この当時のロケットのコア技術はエンジンで、ソ連(ロシア)はアメリカを凌駕していました。後年、第四世代戦闘機のアメリカのF-15とやや遅れて登場したロシアのSu-27でも、Su-27の機動性、運動性はF-15を凌駕しています。

エンジン性能の一点豪華主義と言えますが、エンジンの力だけでは、戦闘機は勝てません。地上や早期警戒機からの情報を得て、組織戦闘での勝負で、戦闘機自身のレーダーや武器に加えて、地上や早期警戒機等の支援組織との総和での勝負となり、エンジンの一点豪華主義だけでは勝てず、構成要素すべてが平均的に高い能力を持っていないと勝てません。

今のウクライナ戦争でも、そのように感じます。陸上戦力は、戦車、砲兵と協同した歩兵の総合戦力です。開戦当初は圧倒的にロシア軍が強いと思われていましたが、実際には苦戦しています。

ウクライナの兵器は(少なくとも開戦時には)ほとんどがロシア製なので、兵器の質ではロシアとは互角ですが、量では、ロシアが凌駕している(少なくとも、開戦時点では凌駕していた?)ので、楽勝だろうと多くの人が考えていましたが、キエフ正面では、補給の車列が60キロの渋滞になり、前線に必要なものが届かず、結果的には、引くことになりました。

ロシア軍はもう負け寸前のような論調を見掛けますが、そこまで弱いとは思いません。第二次世界大戦でも、ドイツ軍に今、戦場になっているウクライナまで攻め込まれ、モスクワ、レニングラードの二都まで占領されても、押し返した実績があります。

今後、戦場になると見込まれるウクライナ東部は、第二次世界大戦中に史上最大の戦車戦(ソ連対ドイツ)が行われたクルスクに近く、西側諸国は大量の重火器(戦車やりゅう弾砲)をウクライナに供与する準備を進めています。
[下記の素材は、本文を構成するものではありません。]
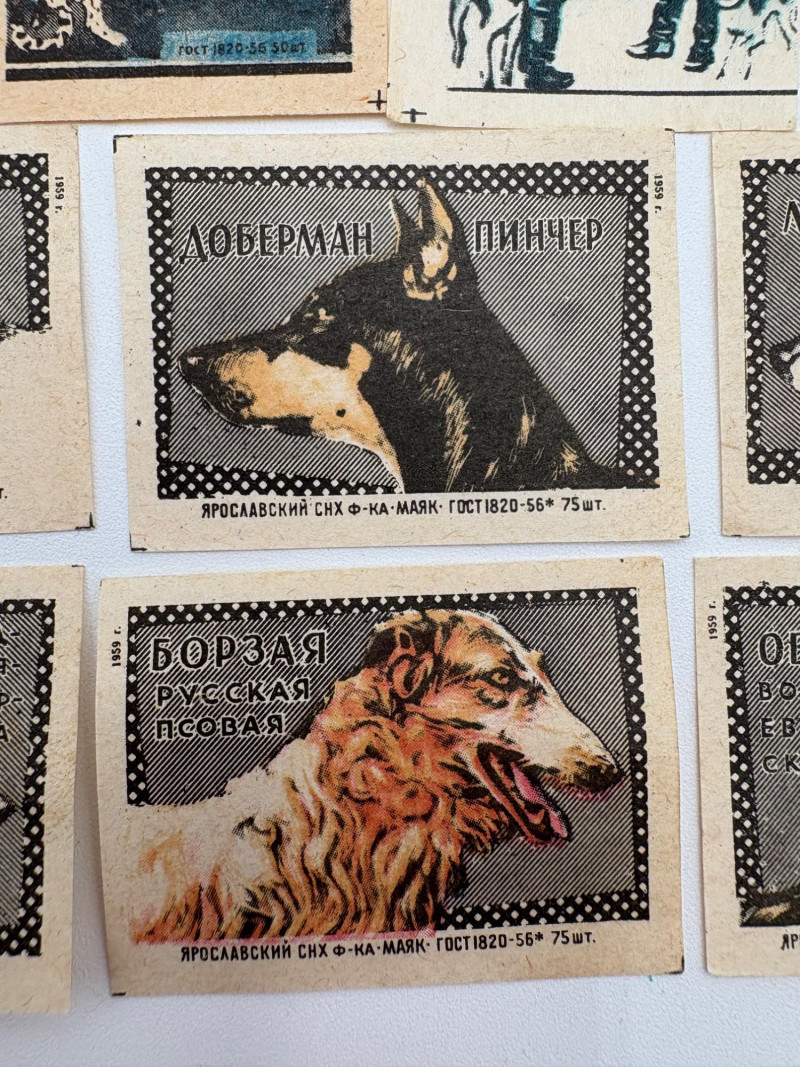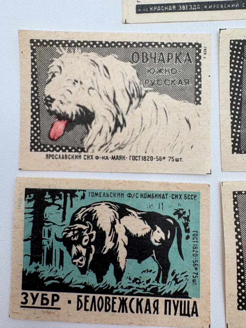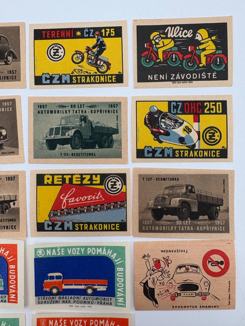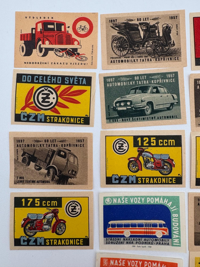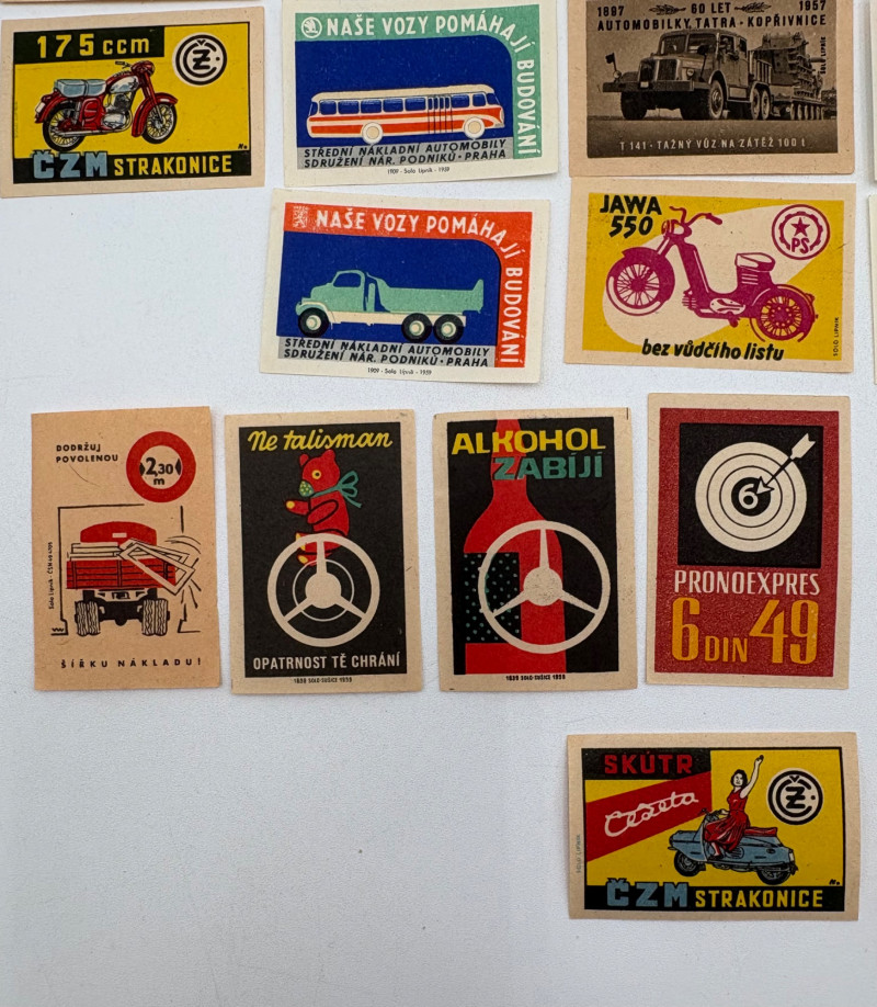 Authentic vintage matchbox labels from the 1950s or

ドローンや対戦車ミサイルが大きな戦果を挙げているので、重火器はもう時代遅れという論調もありますが、そうとも言い切れないと思います。

ウクライナは、2014年のロシアによるクリミア併合の際には、準備も出来ておらず、あっという間に盗られてしまいましたが、それ以来、8年間、ロシアと戦っているので、今回はかなり準備していたことが伺えます。ゼレンスキー大統領も、しょっちゅうメディアに登場するし、戦闘場面の動画も上がって来ます。国家機能は維持されています。

ロシアはソ連時代から、下士官兵を上意下達方式で動かす、旧態依然とした組織ですが、最近のアメリカは下士官が少人数のチームを独自の判断で動かせる体制に切り替えており、下士官にかなりの教育を行っています。

ウクライナは、2014年以降はアメリカの支援を受け、アメリカ方式に切り替えていると言われています。即断即決が必要な対戦車ミサイルやドローンでの戦いで、ウクライナが大きな戦果を挙げている陰には、こうしたアメリカ式の下士官の能力のボトムアップがあるのではないかと想像しています。

個人とか技術に依存せず、平均的に強い。これが勝利の秘訣なんだろうと思います。かつて、アメリカと戦って敗れた我が国にも、似たようなところがあったような気がします。